Further to my last blog post, I would like to continue the discussion on the difference between transactional and strategic recruiting, with focus this time on strategic recruiting.

Strategic recruiting is not a numbers game. It is as the terms suggests, strategic. In a strategic recruit the emphasis is on the overall fit of the candidate to the opportunity and non-technical factors are heavily weighted in the overall hiring decision. Where a candidate sees themselves in five years or whether or not they are comfortable leading a team are just as important in a strategic recruit then their technical abilities.

For example, you may have the most technical candidate in front of you, but their communication and leadership skills could be dreadful. This candidate would not be a good fit for a senior developer role where they are going to be required to lead and mentor junior developers. Hiring this candidate is simply setting the candidate up for failure.

I would suggest that when an account manager is ‘taking’ this order from their client, they need to get a lot more detail in terms of what the hiring manager is actually looking for then they would for a position that would be considered a transactional recruit. This step is often a problem between recruiters and account managers and can lead to missed opportunities. Recruiters need to know the soft details for strategic recruits in order to find that true fit candidate.   Knowing these soft details can usually allow a recruiter to screen their candidates in to the opportunity during an interview, rather then having to screen them out.

It usually takes more time to present on a strategic recruit then it does on a transactional recruit as well.
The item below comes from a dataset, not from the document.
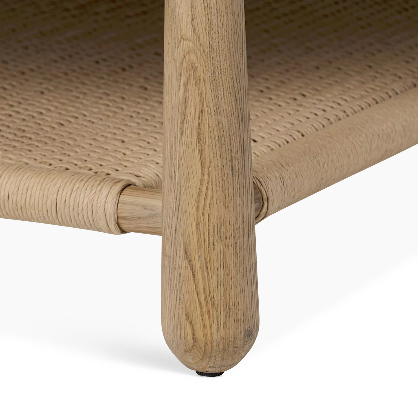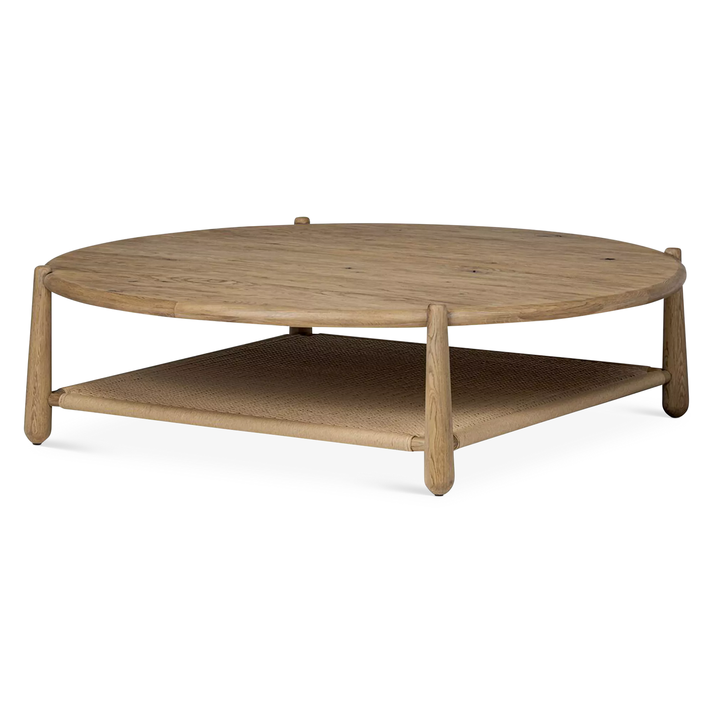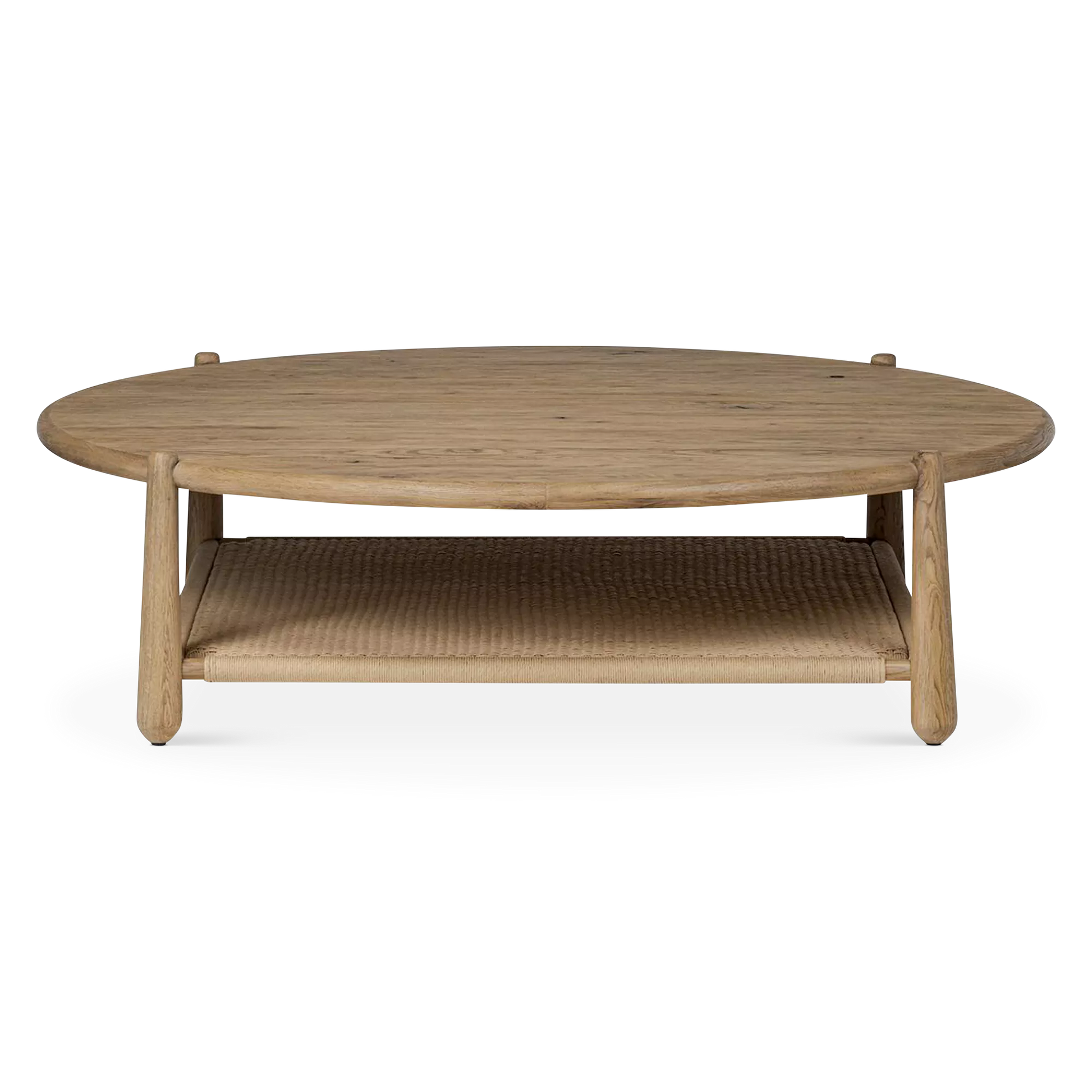 Bring warmth and texture to your living space with the Salvador coffee table. Crafted from resawn oak in an aged, smoked finish, this two-tier design highlights rich graining and natural knots that emphasize the wood’s organic character. Its rounded tabletop rests over a woven paper-cord lower shelf, adding both tactile contrast and functional storage. A thoughtful blend of materials and form, designed in collaboration between Amber Lewis and Four Hands.

This is for many reasons but I would mainly argue that the emphasis is on finding the right candidate and it can take a bit longer to narrow your field down in order to find that one true candidate. I have also found through personal experience that the best candidates for strategic recruits usually come from candidates who are presently working. This means that finding them is done without the use of traditional job boards with a focus on referrals or non-traditional search platforms like LinkedIn. Using these tools usually takes a bit more time to deal with your candidates as they likely are not in a full-out job search.

All in all, both strategic and transactional recruiting can be effective strategies of recruitment. Firms either specialize in both or one over the other. The challenges with both are some clients may want a transactional approach to their open positions where as the recruitment cycle is that of a strategic one (or vice versa). As I said last time, transactional or strategic recruiting can be a product of the location or client base where the office is located and firms who have recruiters in one city recruiting positions in another city should take this into consideration when they look at their recruiting cycles.